Worlds collide and I still do not know where it is going. But once I started to identify the topics at hand, I also realized that there are huge themes that want to come out and inhabit the page.

Of course, once you come to terms with this, the next realization is that you must do the topics justice. None of these ideals should be treated tritely. 
And then horror starts to set in: Do I have it in me to immerse myself in something so big? Is this something that can be properly dealt with in a novella? Are you freaking insane?

I have no particular desire to delve too deeply into any of these topics, but I don't see how I have much of a choice if that is what the story is about. I just transcribe for the Muse, I know my place.

Knowing my place in Real Life also should propel the rest of the writing. I am feeling slightly disenfranchised at the moment. This feeling that saddens and angers me should be the perfect fuel. 

Aren't tears and bitterness the inspiration to centuries of tortured art?

As long as I'm going to be moody, why not channel it into writing before I can start obsessing about it and fermenting into bitterness. Titling at windmills is a better way to go.
I just want the Universe to know that sending me lemons will not result in lemonade, just because that is what is expected proverbially. I will simply squeeze it into a vodka cocktail! (The fact that I do not have any vodka is but a minor detail, so shut up, Powers That Be. I have an imagination. I can pretend.)

Tomorrow, I have an appointment in the city. I will travel by subway -- in rain and probably snow (when will it finally end?!). I hope I am again compelled to take out the little notebook and mechanical pencil and confuse kids who've never read cursive.

Now if I could find a balance, even if slightly perverse, to add humor to this horror I will be a happy writer. (A happy writer? The ultimate fantasy!) 


Thursday, April 3, 2014

The Big Bad is Toying With Me


My Grand Jury service came and went and I, sadly, did not find the villain I thought would walk into the courtroom and lend a face, and perhaps a voice, to this character I want to write.

I know better than to force it, so I was hoping he'd insinuate himself in real life by walking right into my day and smiling slyly. I imagined I'd feel a slimy metaphysical disgust that made me shudder from head to toe and want to scream, “Ewwwwww!” and run home to shower it off my psyche.

This did not happen.

There was some research involving mythology and more about nomenclature and language.
There was a lot of sitting around waiting to make justice. Do justice? Affect justice? Effect justice? Justify justice? There was a lot of sitting around.
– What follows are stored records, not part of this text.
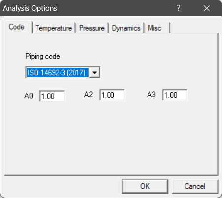 Select the piping code for analysis as “ISO 14692-3” through Layout Window > Options > Analysis > Code as shown below and press the button “OK”.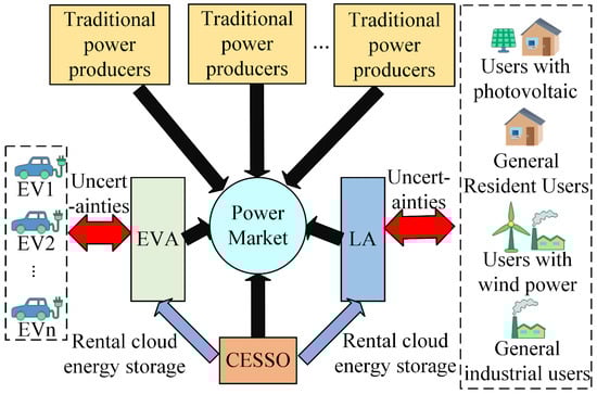 With the rapid development of the power industry, the existing power market system struggles to accommodate the evolving grid environment [1,2,3]. To establish an efficient and competitive electricity market, many countries have implemented varying degrees of reforms on the supply side [4]. This has led to the emergence of new market participants alongside traditional power producers. Among these emerging entities, energy producers and sellers represented by electric vehicle aggregator (EVA), cloud energy storage system operator (CESSO), and load aggregator (LA) constitute the primary components. These entities are primarily formed through the integration of adjustable resources on the user side.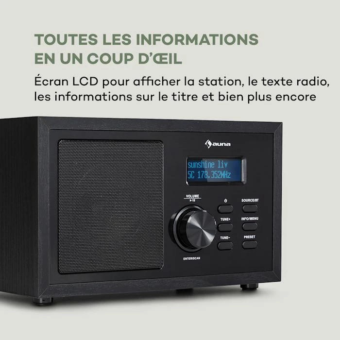 - Toutes les informations en un coup d’œil : écran LCD pour l’affichage de la station, du texte radio, des informations sur les titres et bien plus encore.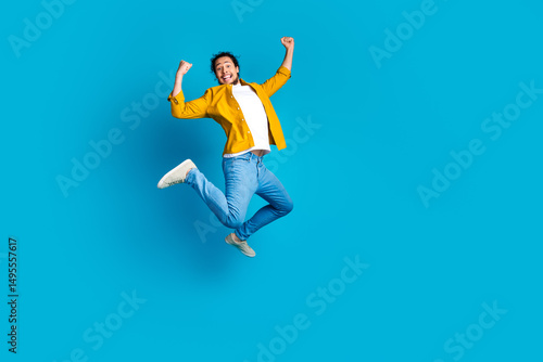 Young man joyfully jumping in mid air while expressing excitement on a vibrant blue background wearing casual yellow attire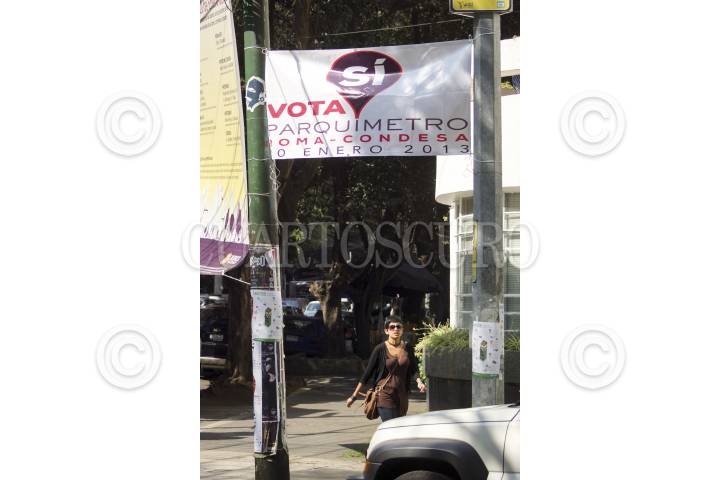 MÉXICO, D.F., 17ENERO2013.- El próximo domingo 20 de enero se realizará la consulta ciudadana para decidir la instalación de Parquimetros en las colonias Condesa y Roma. En las calles se pueden apreciar distintas mantas con la invitación a votar por la aceptación y algunas otras por la negativa. FOTO: ADOLFO VALTIERRA /CUARTOSCURO.COM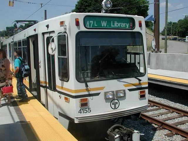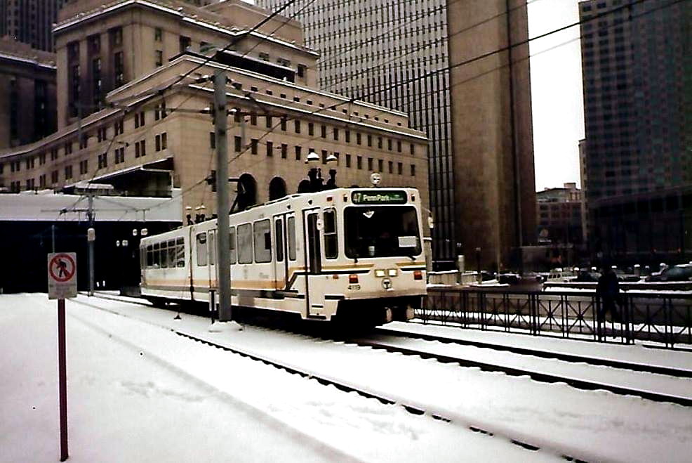 LRV # 4124 at Steel Plaza Station in the downtown subway.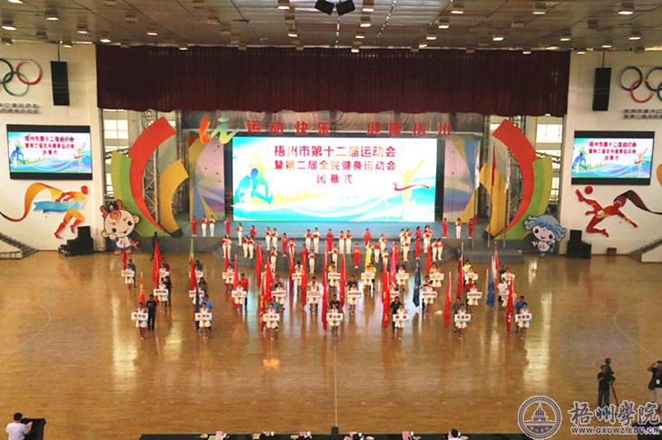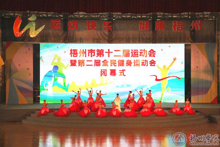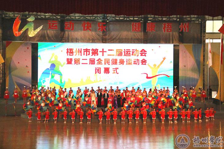 9月28日上午,梧州市第十二届运动会暨第二届全民健身运动会在我校体育馆三楼主会场落下了帷幕。市第十二届运动会主委会主任、市委常委、宣传部部长、副市长黄振饶,梧州学院副院长邱房贵出席了闭幕式。

I can say that I am not hopelessly blocked: I was able to write a scene.

It is an important scene because it's not a throw-away moment. This must appear in the final work. It's a simple thing that moves one character from one place to another – which requires little more than standing, putting a foot ahead of another, and letting momentum take its toll. But there is more to it!
The character is unaware it is undergoing a sort of transformation and in this scene the reader is given its first clue that something is afoot. Something evil, in fact. Or maybe just sinister, perhaps evil is too strong a word. 
(Hmm, lies. These are lies!)

In writing the scene, I was able to convey this, allude to the action preceding it and even managed to add a moment of comedy.

The scene, in short, is a success! The problem is that, while it brings me closer to introducing the Big Bad, it stops just short. And therein lies the question that grabbed me and owns me right now: how much foreplay can you do with your reader before you introduce them to the Big Bad?

Do I hand out tidbits or do I push him out into the open, effectively giving the reader a horrendous full frontal beast? Do I seduce them and then shake them into the horror of what this creature truly is? Or is he far less scary than I think he is right now, and will I be playing the literary equivalent of John Williams' “Jaws” leitmotif simply to find later he is just shadows and mist?

The problem is that he hasn't told me yet. I think that he lies... I'm fairly sure he's still lying to me now! He is a shadowy form that exists in this dark, foggy forest and he wants to pull me there. I insist he can tell me from over there, I can hear him. He's trying to trick me. I just know it!